X3, great truck to plow with....as long as you are prudent with the plowing. I added Timbrens and they are great if you are on rough terrain. I also cranked my Tbars ('04) A few turns to restore height. If you are handy with a welder box the front of your frame for some added piece of mind. Don't worry about the 1/2 ton bashing crowd, if they are taking the time to post comments like "best mod is to buy a 3/4 ton" then they are usually trying to make up for a lack of personal accomplishments.


----------



## Ngom12 (Nov 9, 2011)

haha i hear ya. I've been out plowing (for my buddies company, in his trucks) the past couple days (Finally!) and i have kept my eye out for 1/2ton trucks. I've seen alot more then i thought i would. even seen some with v-box speaders and 8 ft plows. I'm a pretty careful operator, even in my buddies trucks. forget worrying about beating up the trucks, im more worried about myself. i've bit a few steering wheels to know not to do that again!


----------



## Cleanchris (Feb 13, 2010)

Ngom12, I have the same truck as you. 2006 Dodge ram 1500 qcab. Mine has the 4.7L and 20" rims. I have a snoway 26 series and plow small private roads and parking lots (a 55 plus gated community) with it. I start plowing the roads when it reaches about 2"-3" deep and I plow until the storm is over (sometimes 20+ hours).I always plow with 300-400 pounds of ballast in the bed against the tailgate and behind the rear wheels. I added billstien 5100 struts which are set to raise the front about 2". I also have timbrens but after I installed the bilsteins and raised the front, the timbrens sit too far away from the lower control arm to make contact with them. (You have to know how timbrens work on the 06 dodge to understand that. Timbren has illustrations on thier website if you dont know what I'm talking about) I guess they"re good to have if you really overload the front end but with the front end lifted they're basically useless. The only other thing my truck has is a tow package which includes an oil and tranny cooler and 3.92 gears. I replaced the ball joints and tierod ends with moog parts prior to installing the plow 3 years ago at 50,000 miles. I now have 100,000 miles on the truck and am starting my third season with NO PROBLEMS. I plow smart and understand that my truck is not a bulldozer. I love the snoway plow and the downpressure is unbeatable in my opinion but they are expensive. I wouldnt go with anything bigger or heavier then a 7'6" fisher HD. As long as you stay on top of your accounts during the storms, keep up with regular maintnance (oil change, tranny service, grease front end), and above all, dont beat the crap out of your truck, you should have little to no problems other than regular wear and tear. This truck has made me tons of money and plows way better than my 94 gmc 2500hd ever did. The only thing I miss about that truck was the 8' fisher. Other than that plow, the Dodge is way better at plowing and would probably be able to handle that plow but I dont want to push it. Your truck will be fine. Go out there and make some money.


----------



## DAFFMOBILEWASH (Dec 9, 2006)

My first Dodge plow truck was an 03 1500 reg cab long box. Had a 26series plow and a full 8' stainless salter in the back. Had some spring work done and enjoyed the truck. Sold it for a 2500 series GMC. Later that season I sold the GMC and went back to the Dodges. Never lookd back. 

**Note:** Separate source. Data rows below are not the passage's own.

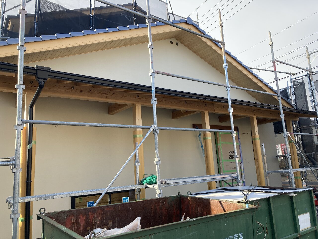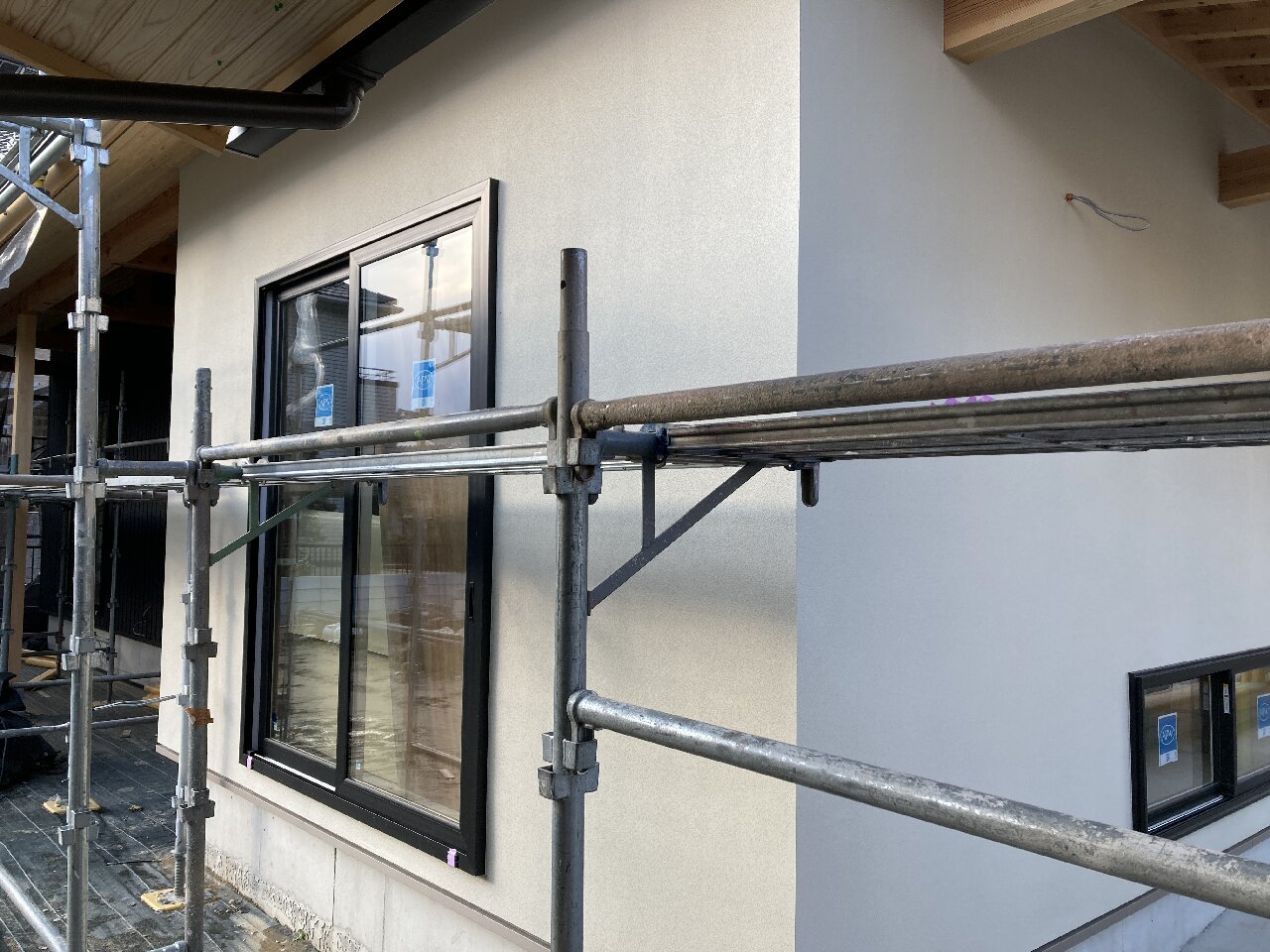 建物の工事も残りわずか。来月からは外構屋さんも入ってくるので、先日打合せしていた外構プランの色決めにやってきました。門柱の塗り壁の色、表札、フェンス、カーポートやポストの色など。外観に合わせて何色が合いそうか、11時頃からは日差しが出てきて暖かい中、外で打合せをしました。
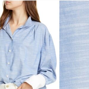 FRAME Chambray Ladies Collared Long Sleeve Button Down Cuffed Blouse Size Large
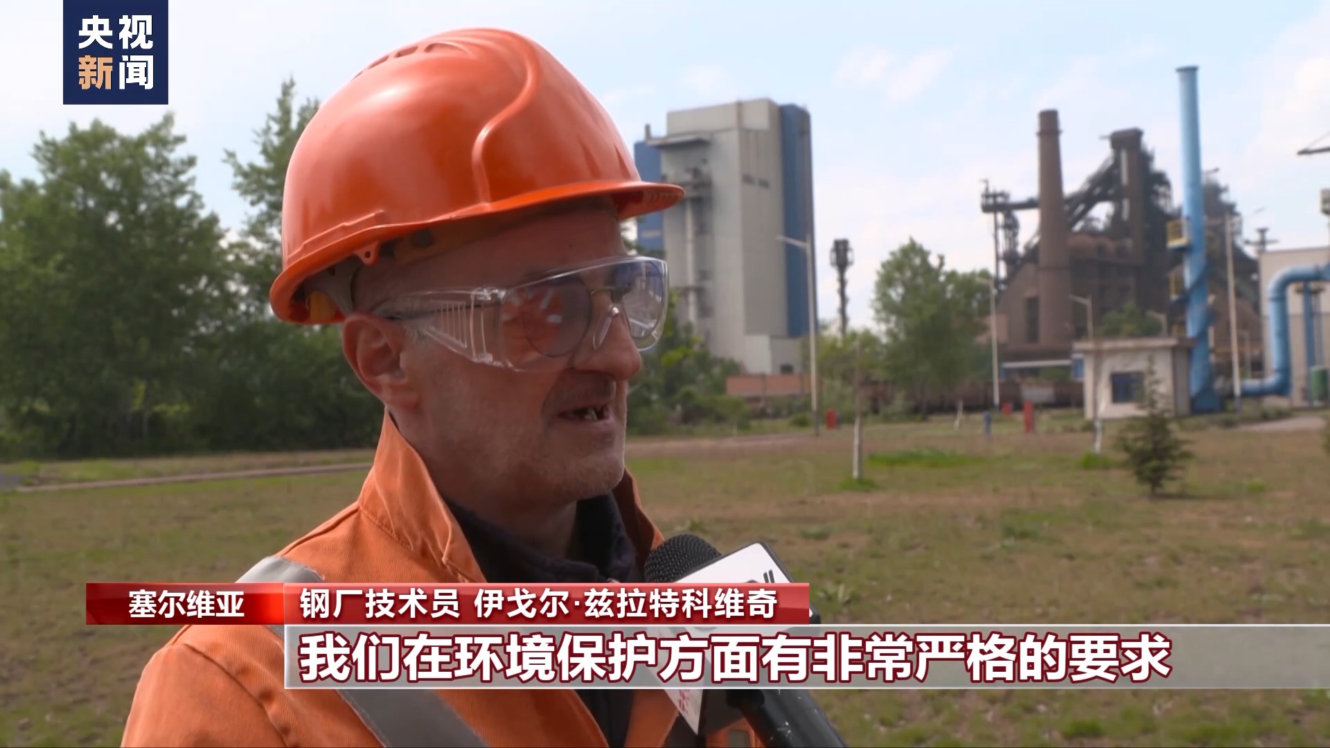 钢厂技术员 伊戈尔·兹拉特科维奇:我们在环境保护方面有非常严格的要求,例如,法律规定粉尘排放标准是50毫克每标准立方米,而我们钢厂的粉尘排放量约为5毫克;法律规定二氧化硫排放量是150毫克每标准立方米,而我们能做到只有2到3毫克。坦率地说,我非常感谢我们的中国同事,他们为我们指明了道路。

The 1500 series trucks are very tough and use the same frames as the 2500 series. The only major differences are the springs axles and drive line components. Use what you have save some money and work up from there. Snoway makes some good products, expecially there smaller plow line ups.


----------



## plowguy43 (Jan 2, 2008)

DAFFMOBILEWASH;1405250 said:


> My first Dodge plow truck was an 03 1500 reg cab long box. Had a 26series plow and a full 8' stainless salter in the back. Had some spring work done and enjoyed the truck. Sold it for a 2500 series GMC. Later that season I sold the GMC and went back to the Dodges. Never lookd back.
> 
> *The 1500 series trucks are very tough and use the same frames as the 2500 series.* The only major differences are the springs axles and drive line components. Use what you have save some money and work up from there. Snoway makes some good products, expecially there smaller plow line ups.


No they are very different, especially the 3rd and 4th gen trucks. The 2nd gen (94-01 Ram 1500 and 94-02 Ram 2500/3500) were very similar but still bigger on the 3/4 and 1 tons.


----------



## peteo1 (Jul 4, 2011)

CleanChris....

You can carry an 8' fisher stainless with a half ton Dodge. I have an 04 and I have moved my friends 8'er around the shop and it doesn't really sag the front end too bad. I wouldn't put it on MY truck but it seems to carry it ok Seriously though, if you want the extra width throw on a set of Buyers Pro Wings. I have them on my fisher 7 1/2' HD and it works great. If the snow is real wet and heavy I take them off just to avoid overloading the truck and ripping the rubber edges off.


----------



## plowguy43 (Jan 2, 2008)

peteo1;1405562 said:


> CleanChris....
> 
> You can carry an 8' fisher stainless with a half ton Dodge. I have an 04 and I have moved my friends 8'er around the shop and it doesn't really sag the front end too bad. I wouldn't put it on MY truck but it seems to carry it ok Seriously though, if you want the extra width throw on a set of Buyers Pro Wings. I have them on my fisher 7 1/2' HD and it works great. If the snow is real wet and heavy I take them off just to avoid overloading the truck and ripping the rubber edges off.


Big difference in weight between a Fisher 8' X Blade and a Snowdogg MD8'

X blade = 790 lbs

MD8' = 439 lbs

Which is why I'd definitely go with the MD8', not much weight but the full 8' of width. Sounds dumb but those additional inches matter (thats what she said)


----------



## peteo1 (Jul 4, 2011)

My 7 1/2' with the wings gives me 9 1/2' total. My blade weighs in around 600 pounds I do believe but I may be a little off on that. I dont know, its just my preference to run Fisher plows. I think compared to everything else out there they are the best built but thats just my .02


----------



## plowguy43 (Jan 2, 2008)

I had 6 Fishers including an X Blade prior to my Snowdogg and I used to feel the same way. I can assure you they aren't: )


----------



## peteo1 (Jul 4, 2011)

Wasn't it Snowdogg that got in trouble for basically copying some of Fisher's designs without consent? I seem to remember hearing about some sort of copyright infringement on Snowdogg's part. I have used most of the plows on the market and in my opinion Fisher makes the best. I guess that's the great part about competition, there is a plow out there for everyone. There's nothing worse than using a tool you cant stand.


----------



## plowguy43 (Jan 2, 2008)

LOL there was a lawsuit but they didn't lose. It was mainly because of the mounting system and the extendable plow they came out with the XP810. 

Fishers are great and well built, but even my good friend who has an extreme vee that helped me assemble my plow agreed that my VX95 is built much more rugged than his Extreme Vee. I just think people thing the snowdoggs aren't built well because they base their opinions off the MD lightweight plows and the fact that they are cheaper.


----------



## plowguy43 (Jan 2, 2008)

But I do agree with you different strokes for different folks. I felt very uneasy moving. Away from 10 years of Fishers!


----------